> **Task description**:
Could you reproduce the lines below from the one with "- 【アクションカメラ用に設計】アクションカメラシリーズ用にカスタマイズされており、コンパチブル Hero" through the one with "Women’s high-rise barrel"? Keep both ends and add nothing.

> **Provided data**:
- - - -

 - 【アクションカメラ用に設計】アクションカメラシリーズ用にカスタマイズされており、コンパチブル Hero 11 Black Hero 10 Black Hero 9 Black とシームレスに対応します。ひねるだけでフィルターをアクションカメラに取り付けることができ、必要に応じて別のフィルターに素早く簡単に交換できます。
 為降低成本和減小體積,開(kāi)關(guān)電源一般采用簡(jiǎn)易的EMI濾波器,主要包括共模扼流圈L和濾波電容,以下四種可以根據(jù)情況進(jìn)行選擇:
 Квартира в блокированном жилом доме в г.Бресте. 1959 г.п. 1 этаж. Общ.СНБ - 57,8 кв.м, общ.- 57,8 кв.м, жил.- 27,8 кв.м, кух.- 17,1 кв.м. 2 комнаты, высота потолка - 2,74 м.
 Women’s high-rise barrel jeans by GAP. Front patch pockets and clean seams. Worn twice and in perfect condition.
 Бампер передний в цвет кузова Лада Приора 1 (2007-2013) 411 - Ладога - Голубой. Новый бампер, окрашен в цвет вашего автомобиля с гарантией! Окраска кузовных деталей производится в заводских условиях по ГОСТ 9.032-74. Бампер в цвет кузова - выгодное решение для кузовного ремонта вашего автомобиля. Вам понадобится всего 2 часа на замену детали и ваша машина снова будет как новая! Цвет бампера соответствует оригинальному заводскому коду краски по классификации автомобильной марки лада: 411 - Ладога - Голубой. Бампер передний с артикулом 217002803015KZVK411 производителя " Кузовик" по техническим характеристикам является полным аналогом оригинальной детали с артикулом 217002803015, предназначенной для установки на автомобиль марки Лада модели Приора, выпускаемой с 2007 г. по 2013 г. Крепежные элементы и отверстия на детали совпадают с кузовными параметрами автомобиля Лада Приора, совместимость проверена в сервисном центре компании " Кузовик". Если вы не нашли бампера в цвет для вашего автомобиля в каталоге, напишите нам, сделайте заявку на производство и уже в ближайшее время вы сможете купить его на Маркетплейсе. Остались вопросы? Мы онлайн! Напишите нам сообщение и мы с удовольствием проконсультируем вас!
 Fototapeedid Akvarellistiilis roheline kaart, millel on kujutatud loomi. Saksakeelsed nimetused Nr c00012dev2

- - - -

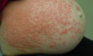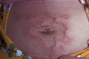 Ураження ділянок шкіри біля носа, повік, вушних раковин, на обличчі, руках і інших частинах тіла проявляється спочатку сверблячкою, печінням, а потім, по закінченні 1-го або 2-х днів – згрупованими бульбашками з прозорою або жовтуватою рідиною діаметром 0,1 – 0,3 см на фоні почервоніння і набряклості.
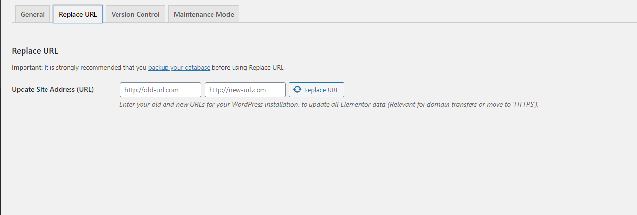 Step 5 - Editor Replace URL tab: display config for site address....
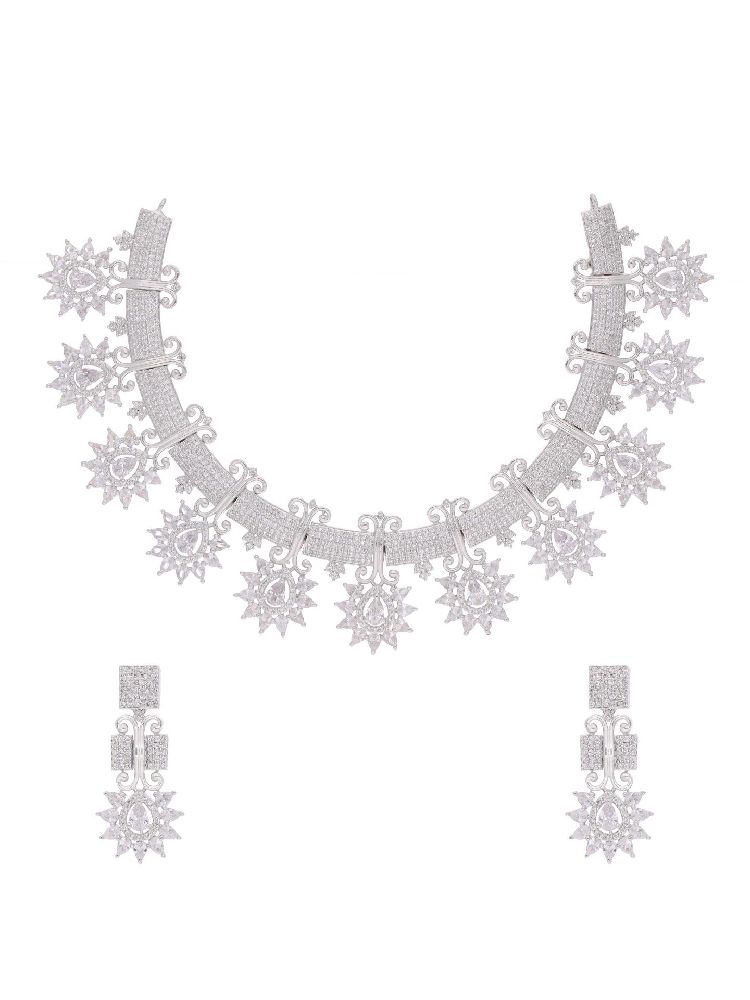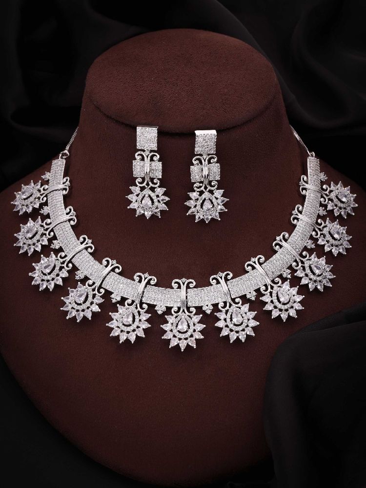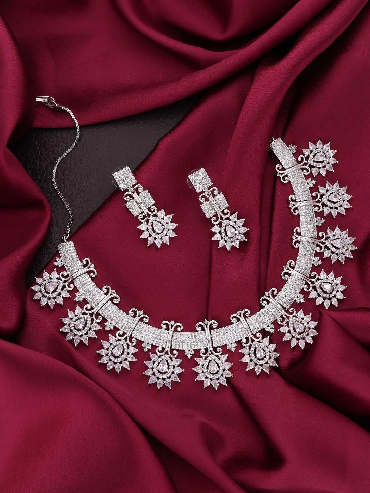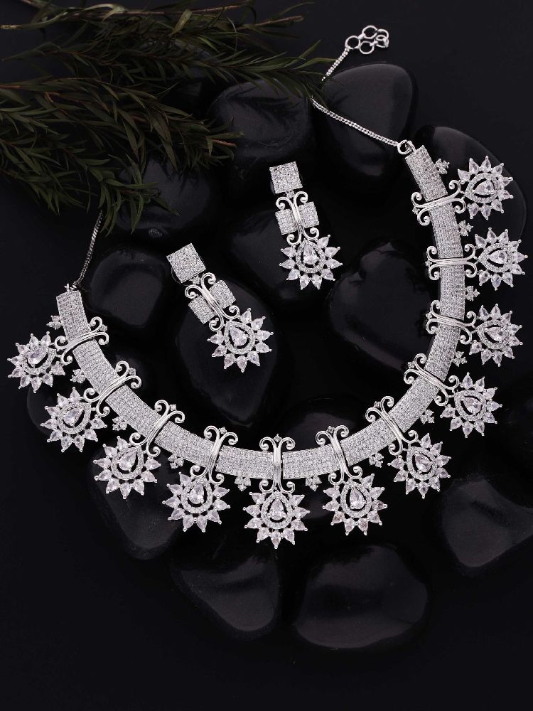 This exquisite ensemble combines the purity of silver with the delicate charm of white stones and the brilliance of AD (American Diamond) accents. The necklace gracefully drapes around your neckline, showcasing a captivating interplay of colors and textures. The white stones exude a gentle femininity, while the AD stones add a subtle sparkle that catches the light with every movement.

- - - -

> **Answer section**:
 - 【アクションカメラ用に設計】アクションカメラシリーズ用にカスタマイズされており、コンパチブル Hero 11 Black Hero 10 Black Hero 9 Black とシームレスに対応します。ひねるだけでフィルターをアクションカメラに取り付けることができ、必要に応じて別のフィルターに素早く簡単に交換できます。
 為降低成本和減小體積,開(kāi)關(guān)電源一般采用簡(jiǎn)易的EMI濾波器,主要包括共模扼流圈L和濾波電容,以下四種可以根據(jù)情況進(jìn)行選擇:
 Квартира в блокированном жилом доме в г.Бресте. 1959 г.п. 1 этаж. Общ.СНБ - 57,8 кв.м, общ.- 57,8 кв.м, жил.- 27,8 кв.м, кух.- 17,1 кв.м. 2 комнаты, высота потолка - 2,74 м.
 Women’s high-rise barrel jeans by GAP. Front patch pockets and clean seams. Worn twice and in perfect condition.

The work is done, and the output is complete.